The closest I've come to doing this, besides boyhood years when I used to spend hours at a time exploring Little Shabakunk Creek, which I called Little Shabaconk Creek, was with my son on at least several occasions when we spent at least an hour, maybe two-and-a-half, doing nothing but exploring rocks, macroinvertebrates, flowers, other plants, a shale cliff, an interesting juncture between a run-off ditch and the river, birds overhead. I would say we spent at least two-and-a-half hours each time, deeply rewarded. On one occasion, we walked a slate bottom mid-river, when Matt called out to me about rock embedded in that shale which looked like turquoise. I was partly fooled by the looks, too, exclaiming that turquoise surely doesn't exist on the East Coast, and as far as I know, it doesn't. We got a piece out of the river bottom and made sure. Still an interesting anomaly for a slate bottom.
Part of my concern at present is the value of my better photos. Yesterday at Sherman Hoffman, on my way back up the trail from the Passaic River headwater, I was taken by the scintillating burnished brown of something like wheat grass, fully six or seven feet tall. Instantly, I thought of photographing some, and though I did try just to see if there was any sort of hope of cropping an image of any value--no go with this. I looked at the grass again and thought that a painter could do it. A painter, if he were to select the likes of what I looked on as subject, could create a realist painting a camera can't get.

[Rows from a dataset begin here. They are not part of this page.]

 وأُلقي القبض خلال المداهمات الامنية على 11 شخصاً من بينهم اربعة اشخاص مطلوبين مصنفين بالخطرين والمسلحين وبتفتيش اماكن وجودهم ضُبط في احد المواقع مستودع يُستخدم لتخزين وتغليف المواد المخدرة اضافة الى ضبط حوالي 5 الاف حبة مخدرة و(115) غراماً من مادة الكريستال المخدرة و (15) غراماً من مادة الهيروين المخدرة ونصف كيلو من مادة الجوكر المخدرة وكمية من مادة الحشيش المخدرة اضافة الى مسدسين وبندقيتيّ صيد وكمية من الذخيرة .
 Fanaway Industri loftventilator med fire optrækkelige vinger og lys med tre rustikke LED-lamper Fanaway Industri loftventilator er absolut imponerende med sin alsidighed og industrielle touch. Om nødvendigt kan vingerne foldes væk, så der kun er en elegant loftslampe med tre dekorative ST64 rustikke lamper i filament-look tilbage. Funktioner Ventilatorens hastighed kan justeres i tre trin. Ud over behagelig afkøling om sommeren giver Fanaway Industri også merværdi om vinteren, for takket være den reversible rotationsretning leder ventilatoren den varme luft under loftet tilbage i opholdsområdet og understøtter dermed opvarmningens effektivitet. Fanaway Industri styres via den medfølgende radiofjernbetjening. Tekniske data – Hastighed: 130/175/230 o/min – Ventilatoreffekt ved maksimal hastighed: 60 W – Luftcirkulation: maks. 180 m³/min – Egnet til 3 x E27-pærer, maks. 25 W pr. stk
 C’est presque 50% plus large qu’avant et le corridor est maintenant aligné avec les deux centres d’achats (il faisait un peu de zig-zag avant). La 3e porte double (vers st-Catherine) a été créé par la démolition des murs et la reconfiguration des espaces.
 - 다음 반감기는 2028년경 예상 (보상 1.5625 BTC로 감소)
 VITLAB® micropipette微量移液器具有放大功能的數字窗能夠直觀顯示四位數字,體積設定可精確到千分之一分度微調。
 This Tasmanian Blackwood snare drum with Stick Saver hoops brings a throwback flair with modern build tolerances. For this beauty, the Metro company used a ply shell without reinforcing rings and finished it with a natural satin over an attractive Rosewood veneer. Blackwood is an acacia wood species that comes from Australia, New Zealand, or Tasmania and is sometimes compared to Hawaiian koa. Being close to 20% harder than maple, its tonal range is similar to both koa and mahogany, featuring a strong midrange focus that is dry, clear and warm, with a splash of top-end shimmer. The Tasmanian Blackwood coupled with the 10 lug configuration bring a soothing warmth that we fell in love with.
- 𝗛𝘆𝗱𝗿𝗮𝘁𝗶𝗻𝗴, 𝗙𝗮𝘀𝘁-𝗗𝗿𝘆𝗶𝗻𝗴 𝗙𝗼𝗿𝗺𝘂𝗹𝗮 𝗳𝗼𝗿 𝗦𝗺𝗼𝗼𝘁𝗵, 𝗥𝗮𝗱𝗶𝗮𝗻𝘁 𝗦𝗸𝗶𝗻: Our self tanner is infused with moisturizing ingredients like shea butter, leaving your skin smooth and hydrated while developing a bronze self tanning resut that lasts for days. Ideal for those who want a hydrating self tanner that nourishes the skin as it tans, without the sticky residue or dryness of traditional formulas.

I began to think of my photo collections--I have three big ones I hope to publish as books in the future, collections which continue to grow--as documentary. I've told myself for years now that I don't care if photography is art or not. That's a self-denial or simply a refusal to think about this, since I've been busy otherwise. I may have time to think about it more and come to a conclusion. If all I can offer for three books is documentary, the photos have aesthetic value; I choose and edit them for just that. But it is curious how they just don't draw such an aesthetic response for me right now, as they have for a number of years. Even Lightroom feels too limited. I don't claim to be among the best skilled at using the device, but it just cannot be particular as a paintbrush.